Records to use:
>>>
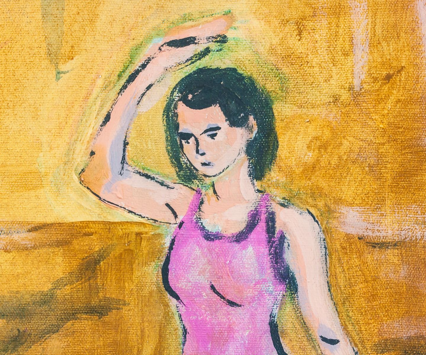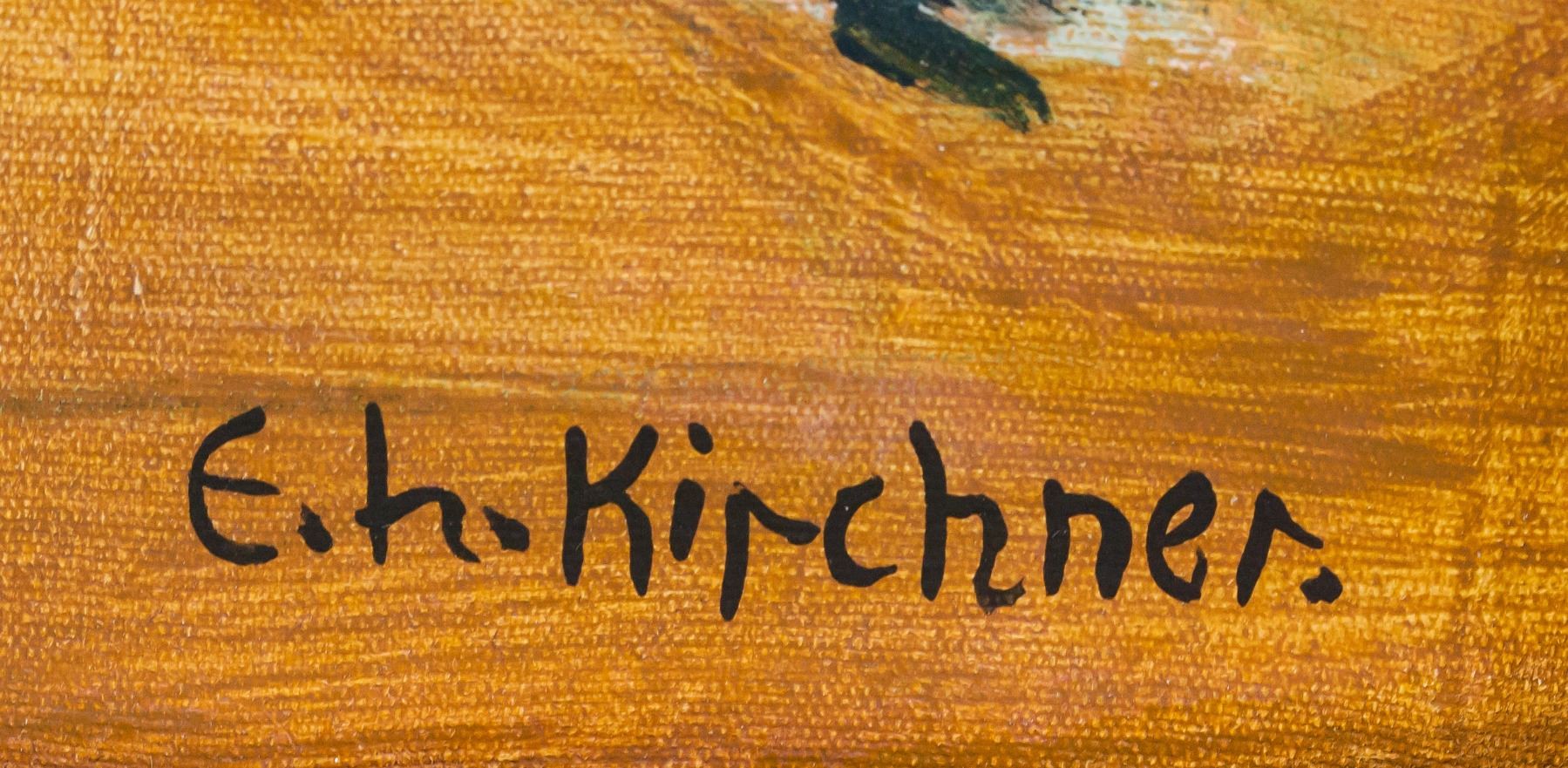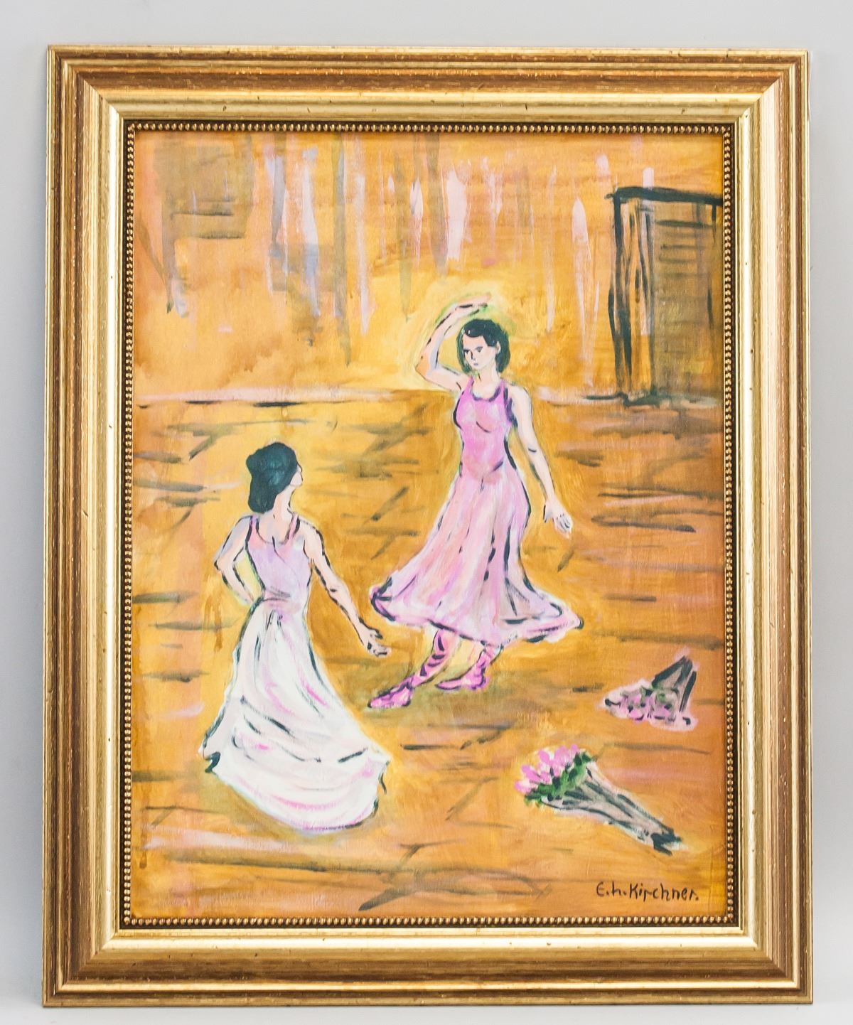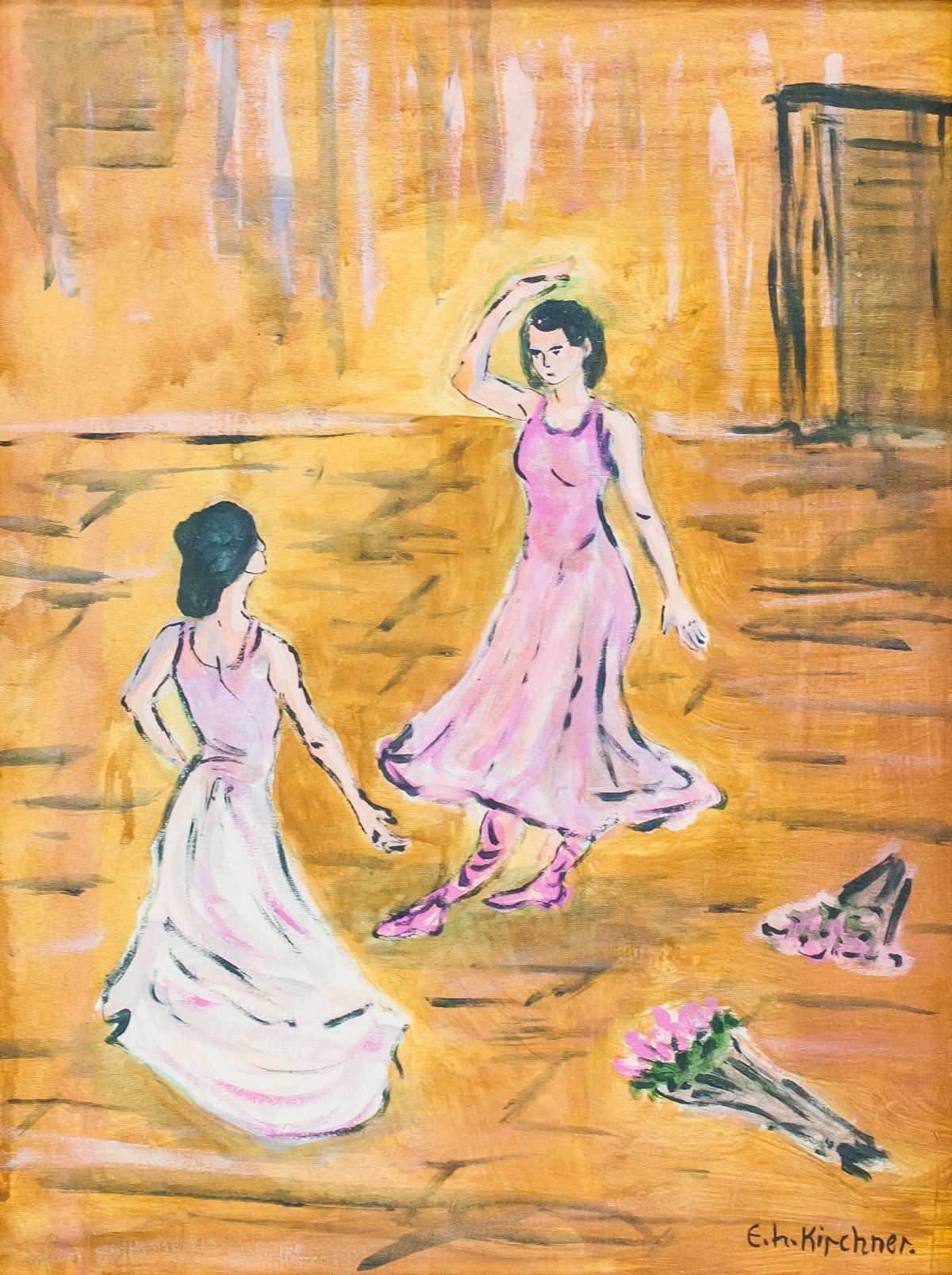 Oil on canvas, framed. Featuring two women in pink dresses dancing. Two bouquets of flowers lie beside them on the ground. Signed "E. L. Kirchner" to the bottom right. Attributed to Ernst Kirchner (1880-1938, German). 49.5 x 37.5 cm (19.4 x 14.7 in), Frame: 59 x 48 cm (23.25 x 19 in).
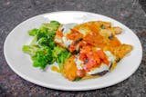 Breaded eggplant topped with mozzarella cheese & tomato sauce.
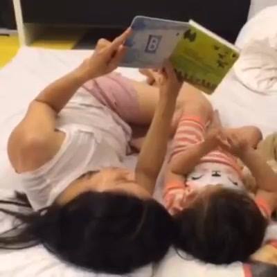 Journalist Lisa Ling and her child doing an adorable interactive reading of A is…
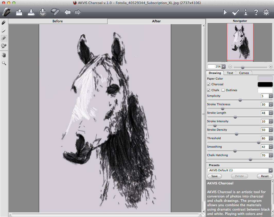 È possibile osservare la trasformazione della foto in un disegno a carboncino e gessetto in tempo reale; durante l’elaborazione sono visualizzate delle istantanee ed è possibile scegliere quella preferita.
<<<
>>>
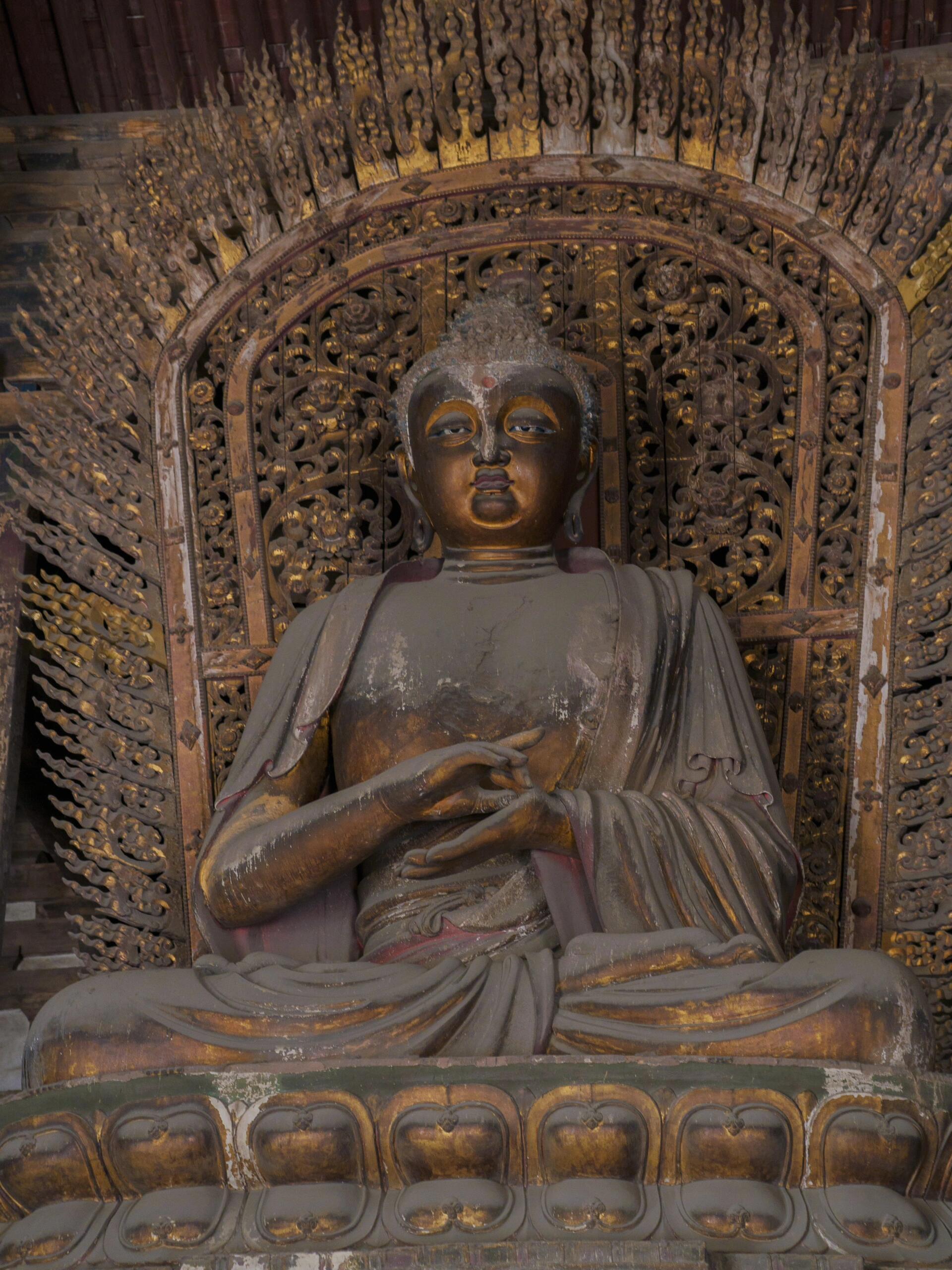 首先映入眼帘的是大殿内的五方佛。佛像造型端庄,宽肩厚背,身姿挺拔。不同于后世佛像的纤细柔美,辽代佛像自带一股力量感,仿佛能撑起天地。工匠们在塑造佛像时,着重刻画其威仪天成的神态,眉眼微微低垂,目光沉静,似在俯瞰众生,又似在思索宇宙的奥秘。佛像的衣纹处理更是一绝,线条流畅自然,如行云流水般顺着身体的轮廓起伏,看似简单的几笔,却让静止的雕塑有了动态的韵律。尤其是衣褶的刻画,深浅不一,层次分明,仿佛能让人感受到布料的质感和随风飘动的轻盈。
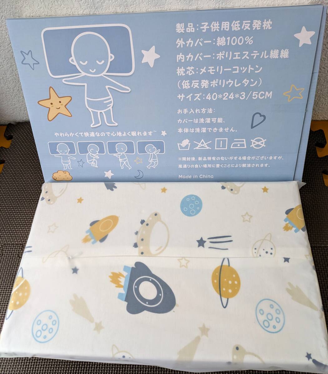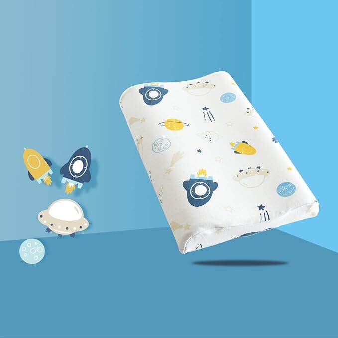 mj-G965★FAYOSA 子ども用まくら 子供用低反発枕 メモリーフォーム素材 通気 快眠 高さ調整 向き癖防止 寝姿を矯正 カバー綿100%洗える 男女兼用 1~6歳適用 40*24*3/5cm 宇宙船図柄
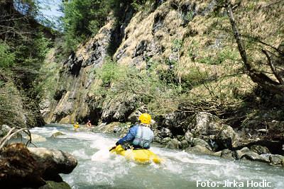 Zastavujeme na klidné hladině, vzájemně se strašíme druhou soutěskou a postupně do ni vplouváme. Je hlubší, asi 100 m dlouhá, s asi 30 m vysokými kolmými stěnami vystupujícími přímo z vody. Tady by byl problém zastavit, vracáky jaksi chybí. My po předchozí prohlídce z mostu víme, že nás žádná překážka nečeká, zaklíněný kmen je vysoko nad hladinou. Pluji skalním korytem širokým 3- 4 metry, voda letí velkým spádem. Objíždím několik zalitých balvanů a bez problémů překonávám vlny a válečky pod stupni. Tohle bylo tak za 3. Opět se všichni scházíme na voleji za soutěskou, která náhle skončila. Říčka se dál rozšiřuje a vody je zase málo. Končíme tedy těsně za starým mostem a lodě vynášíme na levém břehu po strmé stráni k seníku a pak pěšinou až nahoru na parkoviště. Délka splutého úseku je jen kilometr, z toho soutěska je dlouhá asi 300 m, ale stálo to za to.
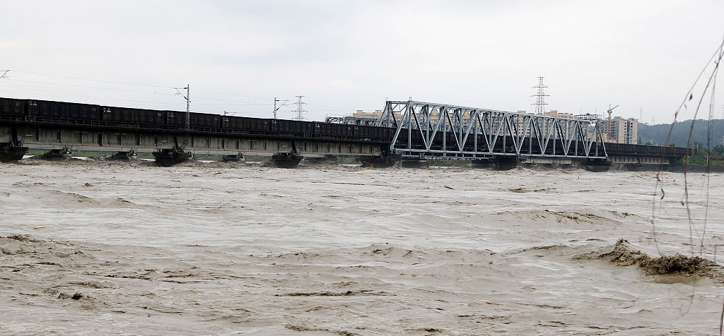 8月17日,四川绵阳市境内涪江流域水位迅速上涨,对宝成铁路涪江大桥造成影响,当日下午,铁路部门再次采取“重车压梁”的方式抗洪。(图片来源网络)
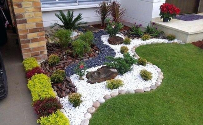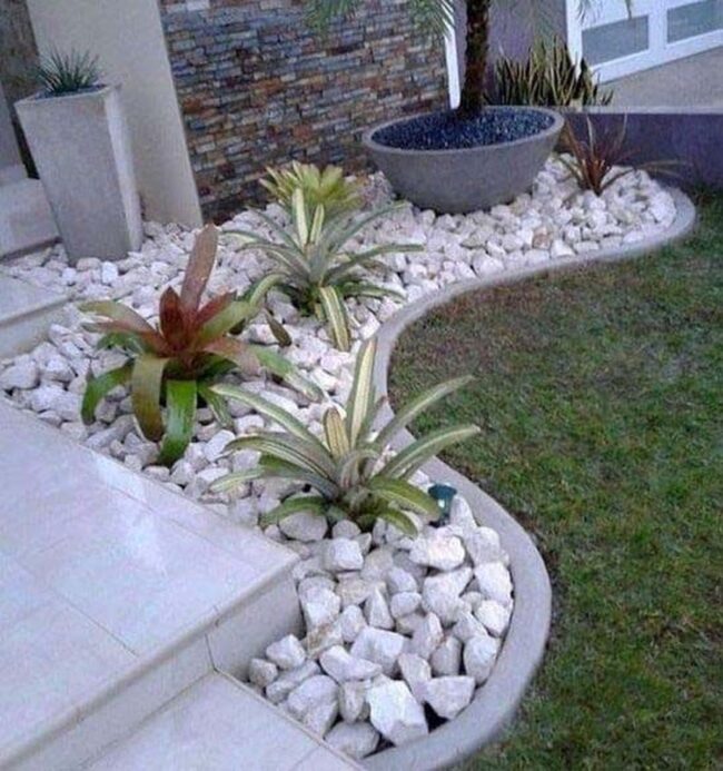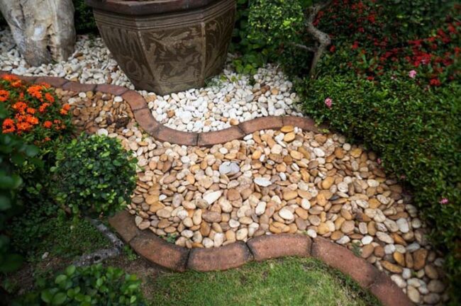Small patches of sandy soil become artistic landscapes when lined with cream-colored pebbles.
<<<
What the exercise asks: Transcribe exactly the lines above, beginning at the one with "Oil on canvas, framed." and going up to and including the one with "È possibile osservare". Pictures do not belong in the copy.

Your solution:
 Oil on canvas, framed. Featuring two women in pink dresses dancing. Two bouquets of flowers lie beside them on the ground. Signed "E. L. Kirchner" to the bottom right. Attributed to Ernst Kirchner (1880-1938, German). 49.5 x 37.5 cm (19.4 x 14.7 in), Frame: 59 x 48 cm (23.25 x 19 in).
 Breaded eggplant topped with mozzarella cheese & tomato sauce.
 Journalist Lisa Ling and her child doing an adorable interactive reading of A is…
 È possibile osservare la trasformazione della foto in un disegno a carboncino e gessetto in tempo reale; durante l’elaborazione sono visualizzate delle istantanee ed è possibile scegliere quella preferita.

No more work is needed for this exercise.